— Tem certeza que ficará tudo bem? —
pergunto, observando o sorriso do meu amigo, possivelmente aliviado.
— Absoluta — responde
David, de forma convicta, no entanto.
— Tem algo que eu poderia
fazer por você? Precisa de roupas novas? Se quiser podemos sair essa semana,
assim você escolhe o que precisa comprar. Acha que eu devo me comportar
diferente? Já tem um namorado?
— Caio. Não. — David
continua sorrindo. — Está tudo bem. É sério. Na verdade tudo vai ser como
sempre esteve.
— Então sem namorado?
— Caio... Meu Deus —
David fecha os olhos por um rápido momento, como se estivesse constrangido por
minhas palavras. — Eu entendo. É um choque. Mas não se preocupe, nada vai
mudar.
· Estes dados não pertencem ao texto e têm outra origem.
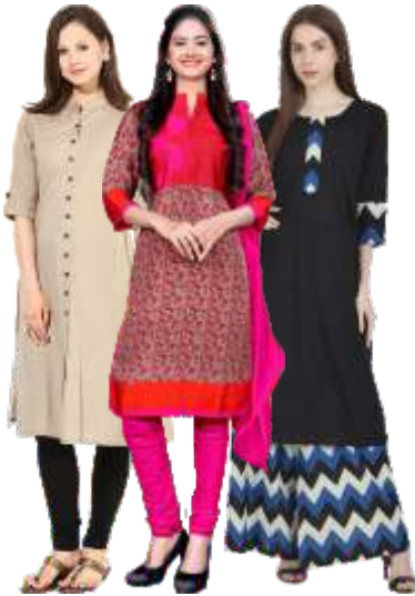
Kurta, Churidar, Plazzo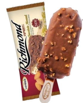
armond+choco ice pop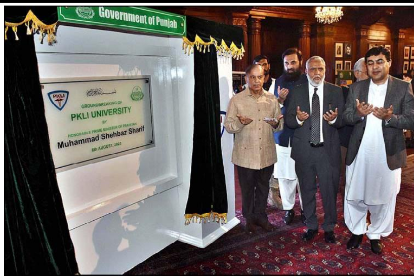
LAHORE: Prime Minister Muhammad Shehbaz Sharif offering dua after unveiling plaque during the groundbreaking ceremony of PKLI University and Launching of the National Hepatitis C Elimination Campaign.

Senator Ishaq Dar emphasized that matters of national interest should not be politicized. Additionally, he informed the Senate that PIA flights to the United Kingdom (UK) would resume in October.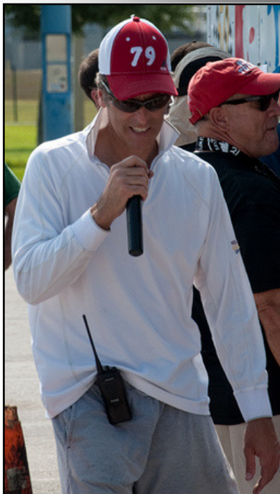
Martin Sports Car Club

Top 20 - Spring Mini-Prix - Sun 06-12-2011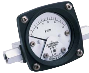
DPI-25 Differential Pressure Gauge Temp: 200°F (88°C) Pressure: 5000 PSIG (340 bar) 1/4" NPT Connections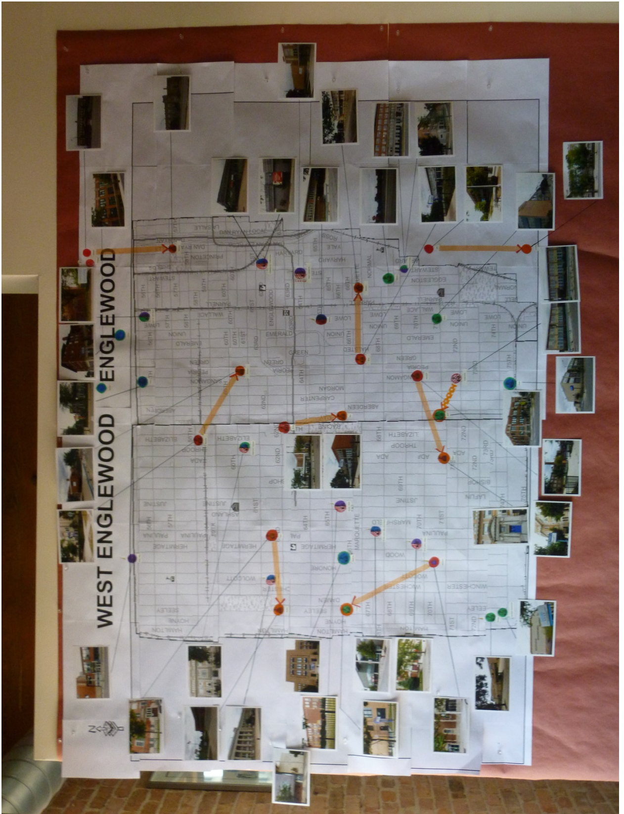
Figure 1: Original Wall Map Analysis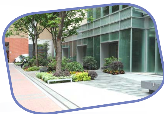
Landscaped area at Po On Road/Shun Ning Road project (Beacon Lodge).

Meanwhile, in Sheung Wan which is home to several URA projects, improvement works at Tung Street were substantially completed in late 2008 to link the earlier revitalisation of Sheung Wan Fong to the recently enhanced Hollywood Road. The URA, at the behest of the Central and Western District Council, has undertaken a feasibility study on revitalising the Pak Tsz Lane area which comprises an existing RCP, and an underutilized 'landlocked' local open space. The said area is part of the Dr Sun Yat Sen Historical Trail and is close to three other locations that have historical significance in the revolutionary history of modern China, as well as being in close proximity to the conservation and revitalisation elements within the adjacent Peel Street/Graham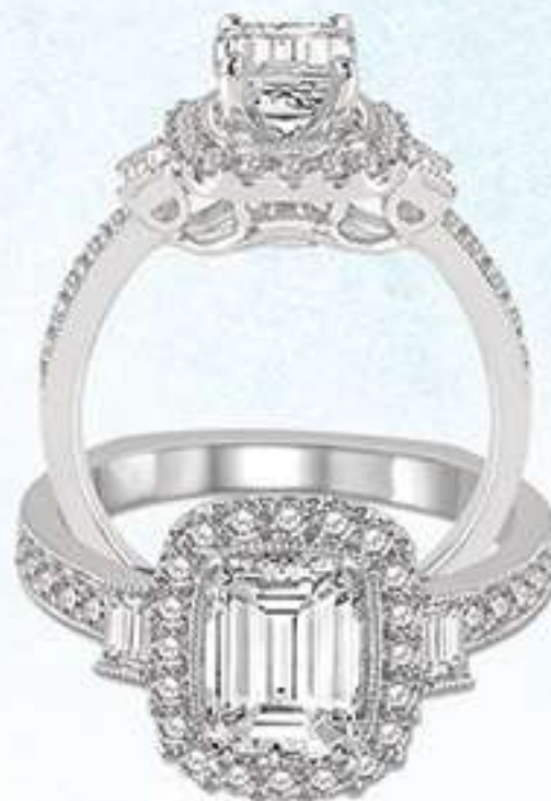
10B 233D3SM .55 DM 14K Center stone size - 7/8 to 1 1/4 ct. $2,695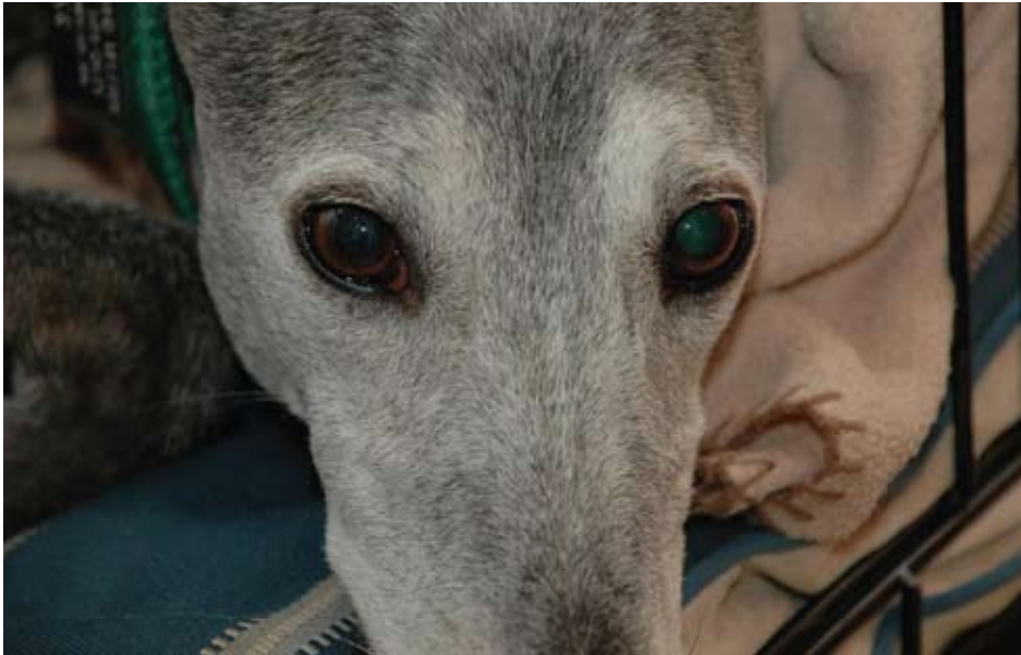
Bailey's story has much to teach us about love and selflessness.

At eight years old, a new chapter of Bailey's life began. Bailey embarked on this new phase of her life in October, but to really understand her story, it's necessary to go back to 2004, when she first entered retirement. You see, Bailey (then known as Tanya by GW) was placed in a forever home in Germantown, Maryland. As is typical among the GW volunteers, there was much rejoicing as another deserving hound found a comfy couch.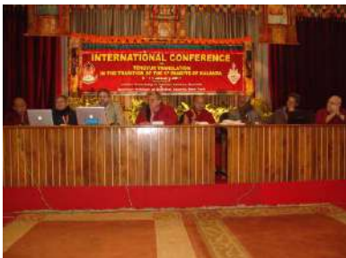
Inauguration session of the Conference

1. Multiple Language Translation, 2. Translation Standards, Criteria and Training/Curriculum, 3. Translation Terminology/Standardization, 4. Institution Building and coordinating.

E se eu tiver um namorado um dia, por algum milagre que seja, você será o
primeiro a saber. Tudo bem?
Observo meu amigo nos
olhos antes de poder dizer algo. Nunca o vi tão calmo antes. Sinto que seu
humor está elevado; confiante, eu diria. Não sei por quanto tempo ele precisou
manter esse segredo. Desde sempre? Gostaria de saber.
— Como vai ser, idiota? —
grita Helena, esperando-me, do outro lado da rua. — Vai ficar conversando ou
vamos voltar para casa ainda hoje?
— Fico feliz que tenha me
contado isso — digo, ignorando Helena, sentindo meus lábios secos. — Bem, não
foi você quem me contou, mas agradeço assim mesmo. Seria errado perguntar se
você sempre... Você sabe...
— Sim, sempre — responde
ele, antes mesmo que eu possa completar minha pergunta. Minha boca se abre, mas
ele logo faz questão de falar, interrompendo-me: — E não se preocupe com isso.
Eu sempre estive bem com isso e estarei bem futuramente.
— Desculpe — peço
timidamente. — Não sei como eu devo falar agora que eu sei que você é... —
Sinto algo em minha garganta, como um nó formado, impossibilitando que eu
termine minhas frases.
— Que sou gay? — David
faz questão de olhar dentro dos meus olhos. Então sorri. — Está tudo bem. Mesmo.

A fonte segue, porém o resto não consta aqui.